Slow and Steady: The Road to Recovery.
Osama Bin Laden impacted America's perception forever and has influenced the United States" economy in many ways. After one terrible day in mid September, America's future was changed and our economy was altered. Though some speculate that Osama Bin Laden's strike weakened our economy beyond the point of fast recovery, some believe that the only impact inflicted was minor "scrapes and bruises". How serious was the U.S.'s economy impacted after September 11th?.
"The United States economy has proven to be very resilient." Despite damage exceeding $120 billion and an overwhelming deal of anxiety, almost two years after the attacks the United States is still in the midst of a "slow" economic recovery. Consumer confidence is still increasing at a slow rate and household spending still lacks in comparison to the days before the attacks.

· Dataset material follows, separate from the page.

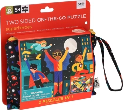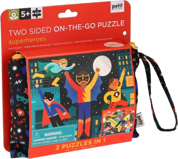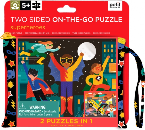 Odkrijte čar sveta superjunakov z dvostransko sestavljanko znamke Petit Collage. Vsak otrok se lahko poda v avanturo, ki spodbuja prepoznavanje oblik in barv.
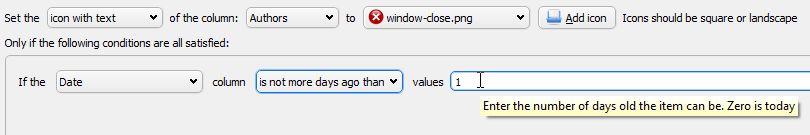 This is what I tried: If the <Release Date> column is not more days ago than <0> - this put the icon in every single row including the ones that the Release Date column is blank and the one that says 2 Apr 2013 If the <shelves> column has value <to-be-release> If the <Release Date> column is not more days ago than value <0> - this put the icon in every row that had to-be-release in the shelves column including one that says 2 Apr 2013 If the <shelves> column has value <to-be-release> If the <Release Date> column is not more days ago than value <1> - this put the icon in every row that had to-be-release in the shelves column including one that says 2 Apr 2013 Am I doing something wrong? |

After the tragedies of September 11, consumer spending fell dramatically. Spending fell as a result of a drop in equity wealth and the Dow Jones Industrial Average recorded its "biggest weekly decline since the Great Depression". The multiplier effect of both declining wealth and falling consumer confidence caused final sales to drop by 1.5 percent the week of September 15, 2001. Also, loss of productive and financial capital from the September 11 incident (including replacement value of structures, equipment, and software) was estimated to be between $10 billion and $30 billion. Moreover, the cost of insurance claims has been "estimated to be around $42 billion (which is the largest in the history of the National Income and Productivity Accounts)". .
After the attack, Congress quickly approved $40 billion in "emergency discretionary appropriations" which included $18 billion for defense and $22 billion for non-defense items. Of the $22 billion, $16 billion is for combating terrorism, improving homeland security, and providing aid.